A Study of [177Lu]Lu-DOTA-TATE in Newly Diagnosed ES-SCLC Patients in Combination With Carboplatin, Etoposide and Atezolizumab

This study aims to establish a safe and well tolerated dose of [177Lu]Lu-DOTA-TATE in
combination with carboplatin, etoposide and atezolizumab in this setting and to assess
preliminary efficacy of this combination treatment versus the combination of carboplatin,
etoposide, and atezolizumab.The study will be essential to assess a new potential
therapeutic option in participants with this aggressive cancer type. The study for each participant consists of a Screening period, a Treatment period that
includes an Induction treatment period and a Maintenance treatment period, and a
Follow-up period.

The study will consist of a Phase Ib dose escalation with concurrent backfill part and a
randomised controlled Phase II part.

During the screening period of up to 28 days before starting SCLC treatment, each
participant will be assessed for somatostatin receptor (SSTR) expression by
[68Ga]Ga-DOTA-TATE imaging PET/scan.

The dose escalation part in this study will be guided by the dose limiting toxicity (DLT)
rate observed during the DLT period.
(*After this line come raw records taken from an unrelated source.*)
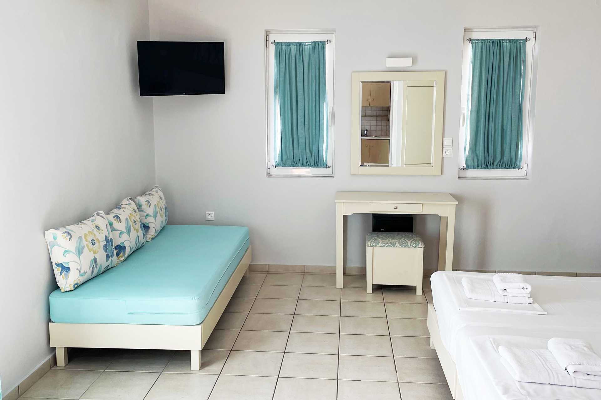 Yksiö parvekkeella, joissakin maaparvekkeella vaihtoehtoisesti parveke tai terassi. Yhdistetty makuuhuone ja minikeittiö. Kaksi yhden hengen sänkyä. Mahdollisuus lisävuoteeseen nojatuolissa tai kokoontaitettavassa sängyssä. Minikeittiö, jossa keittolevyt, kahvinkeitin, leivänpaahdin, jääkaappi ja yksinkertainen keittiövarustus. Maksuton wifi, ilmastointi ja tallelokero. Tv paikallisilla kanavilla. Hiustenkuivain. Kylpyhuoneessa suihku ja wc. Siivous 6 krt/viikko.
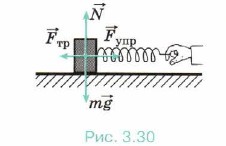 Из уравнения (3) получим N = mg - Fн sinα. Подставив в уравнение (2) выражение для силы трения Fтp = μx(mg - Fн sinα), получим Fн cosα - μx(mg - Fн sinα) = 0. Для силы натяжения имеем Сила натяжения минимальна при максимальном значении суммы cosα + μsinα = ƒ(α). Исследуем функцию на экстремум: ƒ' = -sinα + μcosα = 0. Получим tgα = μ. Тогда Выразим cosa через tgα: Окончательно для силы натяжения получим Задача 5. Брусок массой 5 кг тянут по поверхности стола, взявшись за кольцо динамометра. При этом ускорение тела равно 0,5 м/с2. Жёсткость пружины равна 200 Н/м Определите растяжение пружины. Коэффициент трения бруска о стол 0,05. Р е ш е н и е. На брусок действуют сила тяжести m
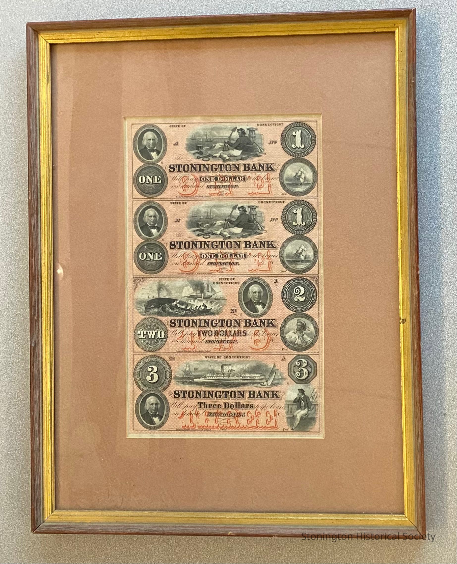 Framed series of 1$, 2$ and 3$ bank notes from the Stonington Bank.
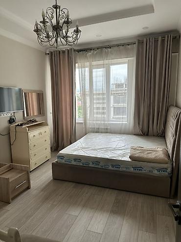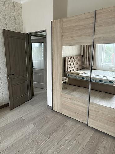 - Просторная спальня с двуспальной кроватью, мягким изголовьем, новым матрасом, тумбой, комодом с зеркалом, настенным телевизором. Большое окно с плотными шторами и тюлем, потолочная люстра, натяжной потолок с точечными светильниками. Вместительный шкаф-купе с зеркальными дверями.
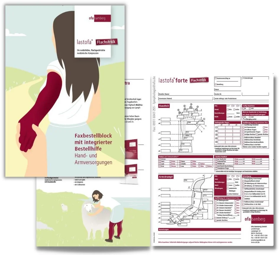 Das Anmessen von lymphologischen Kompressionsversorgungen setzt Grundkenntnisse in der Anatomie sowie Fachwissen in Sachen Materialien, Ausführungen und Zusätze voraus. Es ist wichtig, das Angebot und die Besonderheiten des Herstellers zu kennen, um so eine passgenaue Versorgung anzufertigen. Deshalb listet der Faxbestellblock von Ofa Bamberg das gesamte Flachstrick-Sortiment und dessen Auswahlmöglichkeiten für Arme und Hände auf. Was sich hinter den einzelnen Ausführungen, Farben, Haftbändern und Zusätzen verbirgt, erklärt nun die neue Bestellhilfe, die direkt am Faxbestellblock befestigt ist. Damit wird sie zu einem umfangreichen Nachschlagewerk, das bei Fragen im Messvorgang direkt zu Rate gezogen werden kann.

To achieve a more robust dataset and to aid dose
decisions, additional participants may be backfilled in each dose level.

Upon dedclaring RD, a 1:1 randomised Phase II with approximately 140 participants with
newly diagnosed ES-SCLC will be enrolled and receive either [177Lu]Lu-DOTA-TATE at the RD
in combination with carboplatin, etoposide and atezolizumab (experimental arm) or
carboplatin, etoposide and atezolizumab alone (control arm).